#### TO DO:
Below is a listing with pictures. Repeat exactly the lines starting at the one holding "生命科学学院特邀报告——从植物代谢生物学到作物生物育种" and going on through the one holding "生活「もうすぐ2年生」では、", and leave every picture out.

#### RAW DATA:
----------
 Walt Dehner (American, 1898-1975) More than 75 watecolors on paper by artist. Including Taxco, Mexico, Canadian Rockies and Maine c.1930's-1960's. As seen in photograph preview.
----------
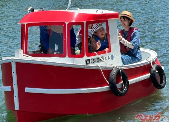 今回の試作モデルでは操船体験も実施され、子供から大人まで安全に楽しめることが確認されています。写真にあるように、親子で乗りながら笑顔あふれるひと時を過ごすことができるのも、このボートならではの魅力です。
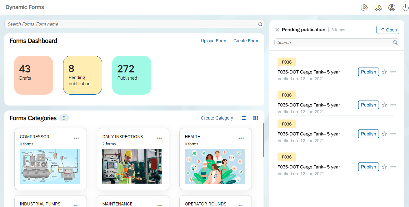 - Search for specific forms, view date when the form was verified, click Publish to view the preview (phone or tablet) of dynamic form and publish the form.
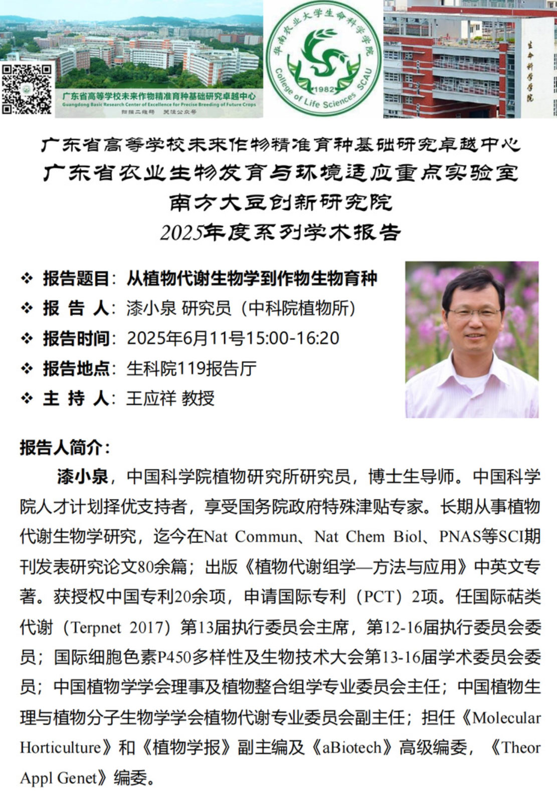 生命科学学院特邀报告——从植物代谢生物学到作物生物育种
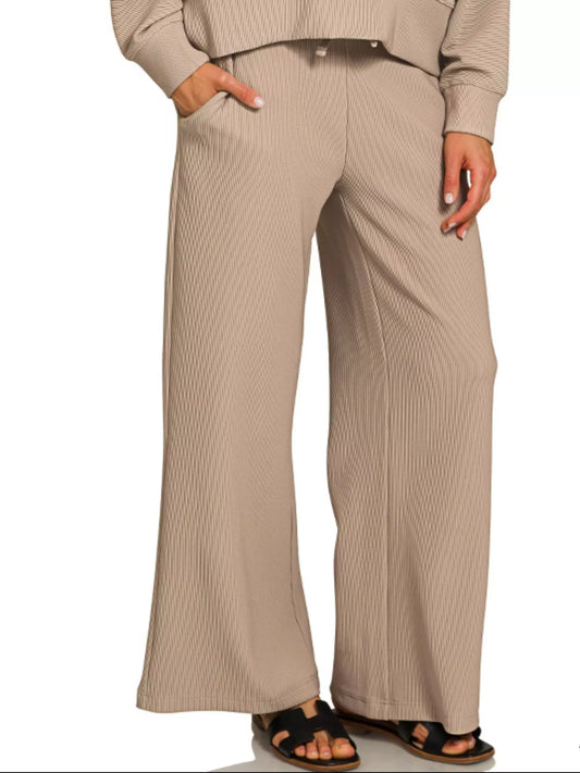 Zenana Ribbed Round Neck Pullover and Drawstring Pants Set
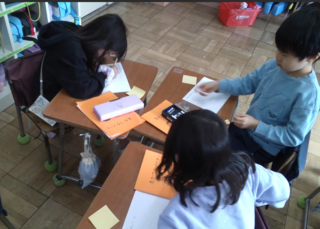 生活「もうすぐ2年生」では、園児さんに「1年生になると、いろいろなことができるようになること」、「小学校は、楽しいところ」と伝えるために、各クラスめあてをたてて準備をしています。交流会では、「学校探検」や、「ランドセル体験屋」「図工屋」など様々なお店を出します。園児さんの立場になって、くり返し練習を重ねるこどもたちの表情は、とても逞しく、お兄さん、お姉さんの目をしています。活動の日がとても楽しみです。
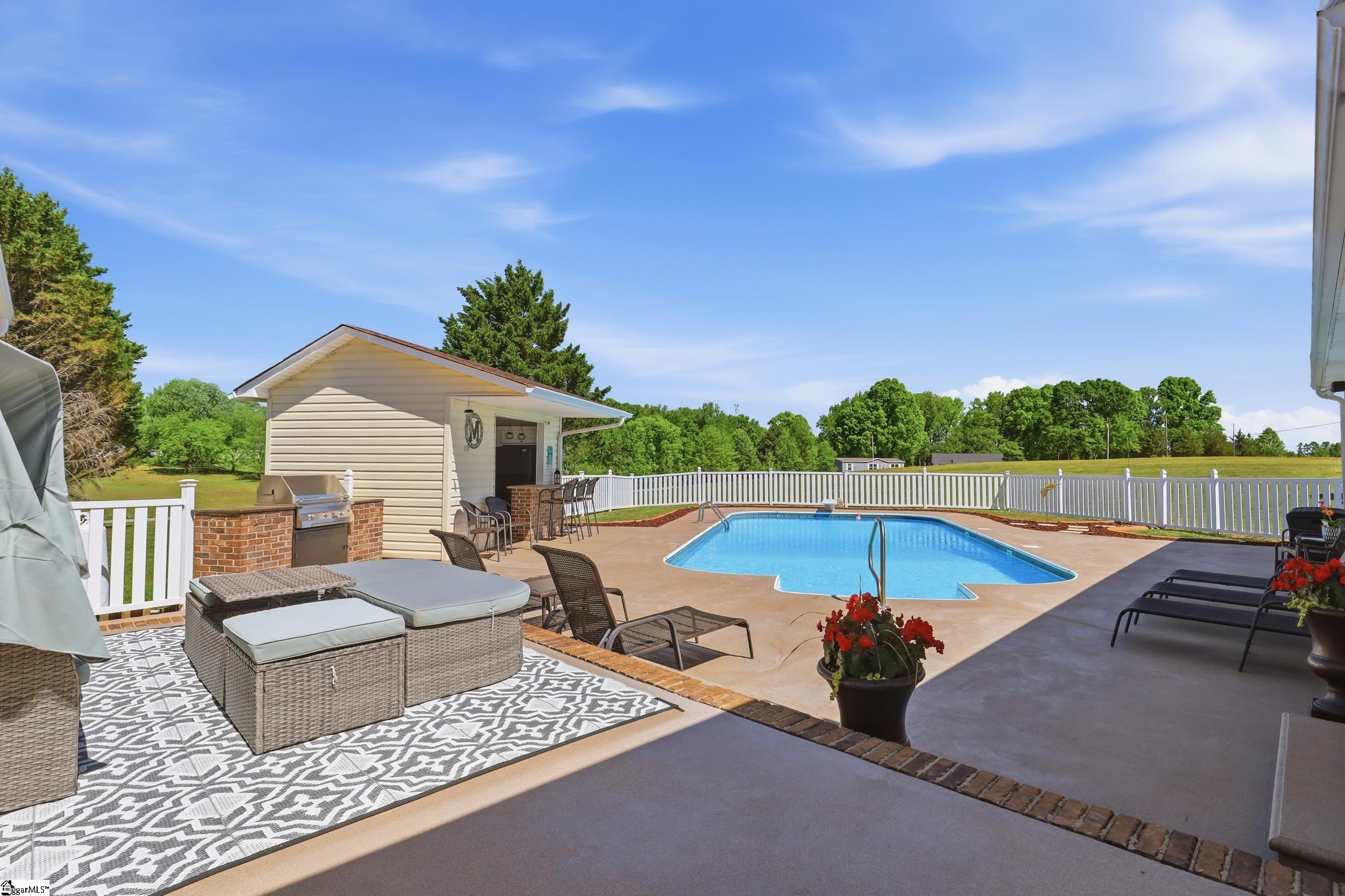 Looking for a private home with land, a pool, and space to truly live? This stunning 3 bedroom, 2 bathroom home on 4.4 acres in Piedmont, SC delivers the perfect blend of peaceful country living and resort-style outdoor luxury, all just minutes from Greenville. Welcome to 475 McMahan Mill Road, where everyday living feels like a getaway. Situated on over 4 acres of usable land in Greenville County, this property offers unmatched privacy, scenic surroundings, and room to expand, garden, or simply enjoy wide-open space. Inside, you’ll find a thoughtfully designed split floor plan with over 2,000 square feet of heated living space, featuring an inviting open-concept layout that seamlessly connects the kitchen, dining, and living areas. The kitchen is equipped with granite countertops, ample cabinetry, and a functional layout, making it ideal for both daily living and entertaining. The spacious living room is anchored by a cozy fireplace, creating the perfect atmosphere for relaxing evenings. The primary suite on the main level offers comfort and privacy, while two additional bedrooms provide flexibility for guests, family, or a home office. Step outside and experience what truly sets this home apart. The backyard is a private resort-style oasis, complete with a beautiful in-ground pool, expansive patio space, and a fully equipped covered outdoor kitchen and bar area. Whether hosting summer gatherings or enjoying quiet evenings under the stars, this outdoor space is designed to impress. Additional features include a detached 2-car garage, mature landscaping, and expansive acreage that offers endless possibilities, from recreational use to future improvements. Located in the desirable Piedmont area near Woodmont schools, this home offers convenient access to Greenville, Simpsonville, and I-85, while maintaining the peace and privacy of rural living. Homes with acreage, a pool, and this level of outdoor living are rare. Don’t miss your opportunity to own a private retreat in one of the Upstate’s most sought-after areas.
----------
#### SOLUTION FOR THIS PROBLEM:
 生命科学学院特邀报告——从植物代谢生物学到作物生物育种
 Zenana Ribbed Round Neck Pullover and Drawstring Pants Set
 生活「もうすぐ2年生」では、園児さんに「1年生になると、いろいろなことができるようになること」、「小学校は、楽しいところ」と伝えるために、各クラスめあてをたてて準備をしています。交流会では、「学校探検」や、「ランドセル体験屋」「図工屋」など様々なお店を出します。園児さんの立場になって、くり返し練習を重ねるこどもたちの表情は、とても逞しく、お兄さん、お姉さんの目をしています。活動の日がとても楽しみです。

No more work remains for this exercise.